Captions should describe the visual property you're encoding:
Good: - "watercolor style, soft edges, muted earth tones, wet blending" - "pixel art, 8-bit aesthetic, blocky shapes, limited palette"
Bad: - "painting" - "image of a landscape"
For subject adapters (product photography, character style), consistency is key. All 1000 images should be the same aesthetic context.
Upload to ModelForgeLab
The /upload endpoint accepts gzipped archives:
tar -czf dataset.tar.gz data/
curl -X POST -F "file=@dataset.tar.gz" http://localhost:8080/upload
The response includes a job_id. Check /v1/jobs/{job_id} for progress. The uploaded data is streamed to /dev/null and never persisted (privacy by design).
Common mistakes
- Mixing tasks: One dataset = one narrowly-defined task. Do not mix sentiment + summarization examples.

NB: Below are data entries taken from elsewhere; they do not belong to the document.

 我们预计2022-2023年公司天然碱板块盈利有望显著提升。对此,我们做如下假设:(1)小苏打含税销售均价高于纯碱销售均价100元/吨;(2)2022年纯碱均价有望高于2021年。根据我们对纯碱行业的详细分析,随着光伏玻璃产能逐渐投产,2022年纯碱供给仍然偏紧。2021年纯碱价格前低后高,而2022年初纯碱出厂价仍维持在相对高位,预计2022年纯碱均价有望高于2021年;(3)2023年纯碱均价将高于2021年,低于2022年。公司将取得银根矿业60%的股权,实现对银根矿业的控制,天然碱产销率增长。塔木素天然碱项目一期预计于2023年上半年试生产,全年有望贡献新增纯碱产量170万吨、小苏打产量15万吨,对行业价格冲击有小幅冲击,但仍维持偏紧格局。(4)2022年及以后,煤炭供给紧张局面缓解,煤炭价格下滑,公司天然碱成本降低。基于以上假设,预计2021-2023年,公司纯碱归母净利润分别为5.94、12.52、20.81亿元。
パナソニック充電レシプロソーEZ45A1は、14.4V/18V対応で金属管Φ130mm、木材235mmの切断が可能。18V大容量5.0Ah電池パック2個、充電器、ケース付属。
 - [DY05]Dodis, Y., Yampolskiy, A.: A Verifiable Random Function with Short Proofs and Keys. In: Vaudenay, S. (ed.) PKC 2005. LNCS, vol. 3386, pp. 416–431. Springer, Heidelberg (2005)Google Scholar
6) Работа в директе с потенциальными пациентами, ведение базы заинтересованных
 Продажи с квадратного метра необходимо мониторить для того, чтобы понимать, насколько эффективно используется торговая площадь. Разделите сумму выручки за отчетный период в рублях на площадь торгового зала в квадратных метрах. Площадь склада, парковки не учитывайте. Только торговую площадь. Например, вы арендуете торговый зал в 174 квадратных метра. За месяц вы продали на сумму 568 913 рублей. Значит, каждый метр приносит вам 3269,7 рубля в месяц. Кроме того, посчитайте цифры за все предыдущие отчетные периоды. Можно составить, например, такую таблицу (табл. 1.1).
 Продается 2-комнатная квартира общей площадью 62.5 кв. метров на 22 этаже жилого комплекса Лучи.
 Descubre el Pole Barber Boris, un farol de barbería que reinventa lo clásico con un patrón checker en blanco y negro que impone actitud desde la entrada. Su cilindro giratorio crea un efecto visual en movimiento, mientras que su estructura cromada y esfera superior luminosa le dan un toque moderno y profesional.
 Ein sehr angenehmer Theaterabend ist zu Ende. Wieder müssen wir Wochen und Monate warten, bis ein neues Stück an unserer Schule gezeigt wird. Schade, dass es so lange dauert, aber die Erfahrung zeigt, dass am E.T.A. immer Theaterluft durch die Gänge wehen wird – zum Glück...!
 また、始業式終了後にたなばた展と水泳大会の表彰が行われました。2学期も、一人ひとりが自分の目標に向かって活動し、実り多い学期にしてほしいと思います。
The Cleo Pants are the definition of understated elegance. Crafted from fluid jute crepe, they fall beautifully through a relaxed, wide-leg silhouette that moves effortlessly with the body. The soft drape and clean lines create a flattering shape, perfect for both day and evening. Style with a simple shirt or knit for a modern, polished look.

- Instruction creep: If your instruction column is vague ("improve this"), the adapter learns noise.
- No held-out test: Always keep 10–20% of examples for post-training evaluation.
- Template mismatch: Base model's expected format is non-negotiable. Check before you spend 6 hours training.
The best dataset is boring: consistent format, consistent task, consistent quality. Surprises come later, during evaluation.